„In der zweiten Juni-Woche wurde ich geraubt. Das war mein großes Glück.“ Der elfjährigen Vilja hätte auf dem Weg zu ihrer Oma überhaupt nichts Besseres passieren können. Denn auf diesen Ausflug mit ihrer Familie hatte sie ohnehin keine Lust. Und dass ihrem Vater die Münzsammlung wichtiger ist als seine Tochter, ist auch kein Geheimnis. So fällt Vilja in die Hände einer kuriosen finnischen Räuberfamilie, die mit ihrem klapprigen Kleinbus unter schwarzer Piratenflagge anderen Autos auflauert und diese ausraubt. Viljas Entführung war allerdings keineswegs beabsichtigt. Erst auf der Flucht entdecken die Räuber, wen sie da versehentlich mitgenommen haben.

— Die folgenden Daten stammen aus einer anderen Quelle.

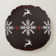 Gemütlich für den Urlaub mit diesem charmanten Rundkissen! Mit einem klassischen Fair Isle oder Weihnachten Pullover-Muster präsentiert das Design Reihen springender Rentiere und großer Schneeflocken in einer sauberen, festlichen Farbkombination aus dunkler Kohle/Schwarz, knusprigen Weiß und kühlen roten Akzenten.
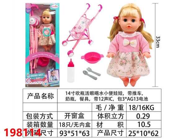 14寸吹瓶活眼喝水小便娃娃,带铁推车,奶瓶,餐具
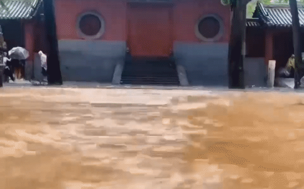 Nước lũ chảy xiết ngay trước cổng chùa Thiếu Lâm Tự, Trung Quốc
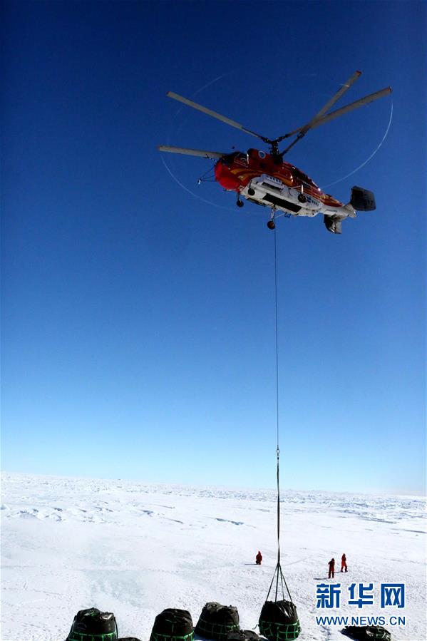 搭载中国第35次南极科考队的“雪龙”号极地考察船,日前到达距离中山站44公里处的陆缘冰区。经过紧张的冰上探路确定冰面卸货路线后,一场“海陆空”全天候卸运物资的“战役”在南极冰天雪地中打响。
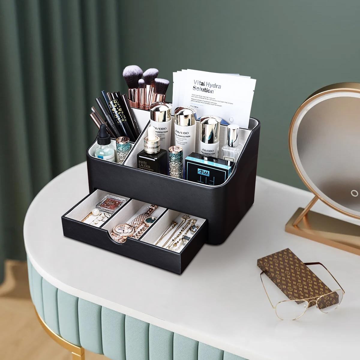 KINGFOM Desk Organizer with Drawer, Multifunction Pencil Holder for Desk, Desk Organizer and Accessories 5 Comparetments for Home Office Supplies (Black)

Für Vilja ist das Leben unter den Strauchdieben zunächst ein regelrechter Kulturschock. Campieren am Strand, ohne Besteck essen, schmutzig sein, nicht in die Schule gehen – das ist ziemlich genau das Gegenteil von Viljas geordnetem Mittelschichtsalltag. Erst geht sie auf Distanz zu ihren Entführern und kann überdies die gleichaltrige, aber großmäulige Hele nicht leiden. Doch dann lernt sie, über ihren Schatten zu springen und das Räuberleben zu genießen. Ein kleiner Befreiungsschlag, auch wenn sie ihre Wurzeln nie ganz hinter sich lassen kann und bei den Diebeszügen heimlich die Schulden bezahlt.
Diese Gegenüberstellung der Lebenswelten ist das Interessanteste an dem Film von Marjut Komulainen, weil der Kindertraum von einem freien, wilden Leben mit der unangepassten Räuberfamilie eine schöne bildliche Entsprechung findet und sich der Film durch die Konfrontation von Räuberleben und Konsumgesellschaft ein paar nette Seitenhiebe erlaubt. Die stets überzogen spielenden Erwachsenen allerdings, die entweder dümmliche Prolls oder stocksteife Spießer geben, berauben den lieblos inszenierten Film, der wahrscheinlich nur der in Finnland überaus bekannten Kinderbuchreihe von Siri Kolun zu verdanken ist, seiner Glaubwürdigkeit. Die Erwachsenen taugen weder als Gegenspieler noch als Vorbilder etwas. Sie sind nicht mehr als Witzfiguren, die im schlimmsten Fall auch noch für die unvermeidlichen Pupswitze herhalten müssen.
Vor allem aber gelingt es der Inszenierung nicht, plausibel über Viljas Veränderung in diesem Sommer zu erzählen. Die Beziehungen zwischen den Figuren bleiben pure Behauptung. Dass Vilja und Hele zu allerbesten Freundinnen werden, ist zwar absehbar, aber keineswegs nachvollziehbar. Und dass Viljas Vater sich plötzlich um seine Tochter sorgen soll, ist eher eine überraschende Wendung als eine dramaturgisch begründete Entwicklung.
Dabei ist es keineswegs so, dass den Filmemachern diese Lücken nicht bewusst wären. Mit einem hölzernen Voice-Over-Kommentar von Vilja versucht das Drehbuch, diese zu schließen. Darin erfährt man dann, dass Vilja in diesem Sommer vieles gelernt hat. Dass sie nun weiß, wie es ist, im Freien zu schlafen. Dass sie direkt aus der Bratpfanne gegessen hat und nun auch durch die Zähne pfeifen kann. Ja, so stellt man sich einen wilden, erlebnisreichen Kindersommer vor. Das Problem ist nur: All dies ist in „Vilja und die Räuber“ nicht zu sehen.